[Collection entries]
§ §

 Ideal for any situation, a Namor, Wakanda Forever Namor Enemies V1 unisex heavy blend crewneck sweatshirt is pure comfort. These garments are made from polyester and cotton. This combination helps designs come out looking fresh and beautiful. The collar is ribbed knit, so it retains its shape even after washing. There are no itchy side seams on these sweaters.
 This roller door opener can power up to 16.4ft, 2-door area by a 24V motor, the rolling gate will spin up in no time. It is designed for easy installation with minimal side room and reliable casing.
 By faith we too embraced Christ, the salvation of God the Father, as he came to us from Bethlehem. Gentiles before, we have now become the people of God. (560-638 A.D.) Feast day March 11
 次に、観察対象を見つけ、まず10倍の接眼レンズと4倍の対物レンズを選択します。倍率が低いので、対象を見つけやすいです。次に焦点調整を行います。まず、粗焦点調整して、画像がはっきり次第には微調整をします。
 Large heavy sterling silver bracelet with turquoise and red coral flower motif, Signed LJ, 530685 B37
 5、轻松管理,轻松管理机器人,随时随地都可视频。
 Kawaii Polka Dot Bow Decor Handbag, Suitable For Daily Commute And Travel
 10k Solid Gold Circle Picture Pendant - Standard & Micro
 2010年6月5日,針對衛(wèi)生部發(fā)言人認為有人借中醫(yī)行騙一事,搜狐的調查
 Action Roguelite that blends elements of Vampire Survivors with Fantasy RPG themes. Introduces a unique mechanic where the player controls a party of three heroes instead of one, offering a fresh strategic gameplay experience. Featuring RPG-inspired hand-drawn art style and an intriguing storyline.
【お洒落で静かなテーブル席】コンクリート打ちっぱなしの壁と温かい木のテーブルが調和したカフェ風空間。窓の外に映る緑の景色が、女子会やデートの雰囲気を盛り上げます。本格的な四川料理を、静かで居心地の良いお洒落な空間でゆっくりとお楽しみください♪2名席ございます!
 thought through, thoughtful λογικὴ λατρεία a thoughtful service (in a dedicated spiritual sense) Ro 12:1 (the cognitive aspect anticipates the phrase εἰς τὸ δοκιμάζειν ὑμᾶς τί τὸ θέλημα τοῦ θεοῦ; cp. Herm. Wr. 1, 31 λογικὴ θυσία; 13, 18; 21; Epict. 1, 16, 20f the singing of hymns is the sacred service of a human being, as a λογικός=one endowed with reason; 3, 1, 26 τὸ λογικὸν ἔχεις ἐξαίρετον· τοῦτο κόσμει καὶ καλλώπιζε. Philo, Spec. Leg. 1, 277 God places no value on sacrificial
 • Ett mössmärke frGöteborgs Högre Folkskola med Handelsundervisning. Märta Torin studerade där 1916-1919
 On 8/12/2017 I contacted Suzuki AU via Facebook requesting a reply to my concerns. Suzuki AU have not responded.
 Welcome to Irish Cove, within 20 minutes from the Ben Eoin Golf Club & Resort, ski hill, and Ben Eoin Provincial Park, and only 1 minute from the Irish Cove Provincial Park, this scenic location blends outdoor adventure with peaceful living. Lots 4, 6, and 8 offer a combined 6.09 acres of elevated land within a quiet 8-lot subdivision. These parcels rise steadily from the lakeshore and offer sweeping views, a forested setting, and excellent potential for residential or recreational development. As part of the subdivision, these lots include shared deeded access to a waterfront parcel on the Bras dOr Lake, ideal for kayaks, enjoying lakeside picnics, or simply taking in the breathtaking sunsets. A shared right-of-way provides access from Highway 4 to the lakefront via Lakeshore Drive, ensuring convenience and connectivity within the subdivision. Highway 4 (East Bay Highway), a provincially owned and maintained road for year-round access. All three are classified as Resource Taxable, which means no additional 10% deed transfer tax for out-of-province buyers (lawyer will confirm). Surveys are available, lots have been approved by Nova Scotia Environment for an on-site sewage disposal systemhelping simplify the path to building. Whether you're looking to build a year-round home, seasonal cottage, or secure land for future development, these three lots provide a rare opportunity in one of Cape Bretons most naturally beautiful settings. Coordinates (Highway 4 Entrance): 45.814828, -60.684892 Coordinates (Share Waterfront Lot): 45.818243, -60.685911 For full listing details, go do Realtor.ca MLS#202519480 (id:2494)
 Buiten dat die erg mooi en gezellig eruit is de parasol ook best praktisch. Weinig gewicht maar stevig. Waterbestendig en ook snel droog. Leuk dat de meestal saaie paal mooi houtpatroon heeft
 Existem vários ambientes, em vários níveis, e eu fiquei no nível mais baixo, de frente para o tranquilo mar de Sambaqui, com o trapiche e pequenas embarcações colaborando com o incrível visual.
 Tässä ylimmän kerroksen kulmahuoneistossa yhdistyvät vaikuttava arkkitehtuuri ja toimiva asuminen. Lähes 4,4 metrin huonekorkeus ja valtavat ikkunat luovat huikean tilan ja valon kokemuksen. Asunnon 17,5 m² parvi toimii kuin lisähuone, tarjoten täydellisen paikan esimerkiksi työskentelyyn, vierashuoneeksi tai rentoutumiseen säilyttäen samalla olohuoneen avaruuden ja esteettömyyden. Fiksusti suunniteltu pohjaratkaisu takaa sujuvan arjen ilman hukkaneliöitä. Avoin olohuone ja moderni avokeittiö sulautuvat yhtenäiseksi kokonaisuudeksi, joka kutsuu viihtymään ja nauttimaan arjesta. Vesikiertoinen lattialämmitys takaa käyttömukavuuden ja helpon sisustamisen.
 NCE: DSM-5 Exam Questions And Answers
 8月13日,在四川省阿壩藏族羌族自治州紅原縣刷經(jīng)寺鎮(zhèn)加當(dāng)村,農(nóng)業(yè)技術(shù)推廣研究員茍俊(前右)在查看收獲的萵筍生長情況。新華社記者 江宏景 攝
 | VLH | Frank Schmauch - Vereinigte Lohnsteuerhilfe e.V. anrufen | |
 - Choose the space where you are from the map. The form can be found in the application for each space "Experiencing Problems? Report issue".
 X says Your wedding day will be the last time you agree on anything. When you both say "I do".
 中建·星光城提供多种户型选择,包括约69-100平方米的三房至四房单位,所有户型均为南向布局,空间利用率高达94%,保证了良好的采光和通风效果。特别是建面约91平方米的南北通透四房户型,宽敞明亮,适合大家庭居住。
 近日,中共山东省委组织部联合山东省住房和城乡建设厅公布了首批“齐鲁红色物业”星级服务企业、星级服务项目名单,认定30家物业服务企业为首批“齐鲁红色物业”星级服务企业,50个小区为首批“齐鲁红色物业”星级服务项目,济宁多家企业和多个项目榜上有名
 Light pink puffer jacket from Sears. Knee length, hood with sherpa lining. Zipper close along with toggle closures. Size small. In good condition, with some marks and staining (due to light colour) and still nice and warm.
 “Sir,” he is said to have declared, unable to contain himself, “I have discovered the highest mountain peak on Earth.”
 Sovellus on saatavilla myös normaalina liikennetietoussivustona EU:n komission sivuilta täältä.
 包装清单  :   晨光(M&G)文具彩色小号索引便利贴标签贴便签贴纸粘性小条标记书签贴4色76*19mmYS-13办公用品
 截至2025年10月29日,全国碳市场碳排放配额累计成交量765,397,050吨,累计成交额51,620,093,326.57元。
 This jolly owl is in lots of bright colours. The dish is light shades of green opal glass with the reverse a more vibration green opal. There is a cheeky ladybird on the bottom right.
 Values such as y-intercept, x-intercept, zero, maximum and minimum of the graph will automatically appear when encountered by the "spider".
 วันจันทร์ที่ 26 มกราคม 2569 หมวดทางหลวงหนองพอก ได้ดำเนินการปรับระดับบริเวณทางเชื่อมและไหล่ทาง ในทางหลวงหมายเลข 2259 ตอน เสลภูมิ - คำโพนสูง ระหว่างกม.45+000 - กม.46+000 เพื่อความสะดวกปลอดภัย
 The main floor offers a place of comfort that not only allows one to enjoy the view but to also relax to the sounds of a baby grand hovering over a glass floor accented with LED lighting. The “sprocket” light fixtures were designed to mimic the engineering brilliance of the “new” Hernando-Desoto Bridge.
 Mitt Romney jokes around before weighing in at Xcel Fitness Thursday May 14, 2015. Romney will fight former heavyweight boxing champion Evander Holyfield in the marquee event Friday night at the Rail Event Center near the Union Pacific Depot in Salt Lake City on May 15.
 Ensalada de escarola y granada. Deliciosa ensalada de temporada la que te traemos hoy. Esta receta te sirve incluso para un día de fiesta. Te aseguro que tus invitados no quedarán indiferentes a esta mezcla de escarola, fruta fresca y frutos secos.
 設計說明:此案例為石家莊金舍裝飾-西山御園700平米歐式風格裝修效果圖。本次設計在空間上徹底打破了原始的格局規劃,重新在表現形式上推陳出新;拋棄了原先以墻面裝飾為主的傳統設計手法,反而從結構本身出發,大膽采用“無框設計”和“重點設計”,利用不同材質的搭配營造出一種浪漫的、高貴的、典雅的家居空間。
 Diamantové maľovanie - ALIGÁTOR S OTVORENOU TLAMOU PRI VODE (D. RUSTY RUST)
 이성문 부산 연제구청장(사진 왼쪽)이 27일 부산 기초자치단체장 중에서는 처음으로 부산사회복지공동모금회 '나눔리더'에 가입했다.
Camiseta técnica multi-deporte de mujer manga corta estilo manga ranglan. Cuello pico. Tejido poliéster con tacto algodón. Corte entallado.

§ §

EXERCISE OBJECTIVE: Look through the records and copy every line that has the word "where".

REPLY TO THE EXERCISE:
 Action Roguelite that blends elements of Vampire Survivors with Fantasy RPG themes. Introduces a unique mechanic where the player controls a party of three heroes instead of one, offering a fresh strategic gameplay experience. Featuring RPG-inspired hand-drawn art style and an intriguing storyline.
 - Choose the space where you are from the map. The form can be found in the application for each space "Experiencing Problems? Report issue".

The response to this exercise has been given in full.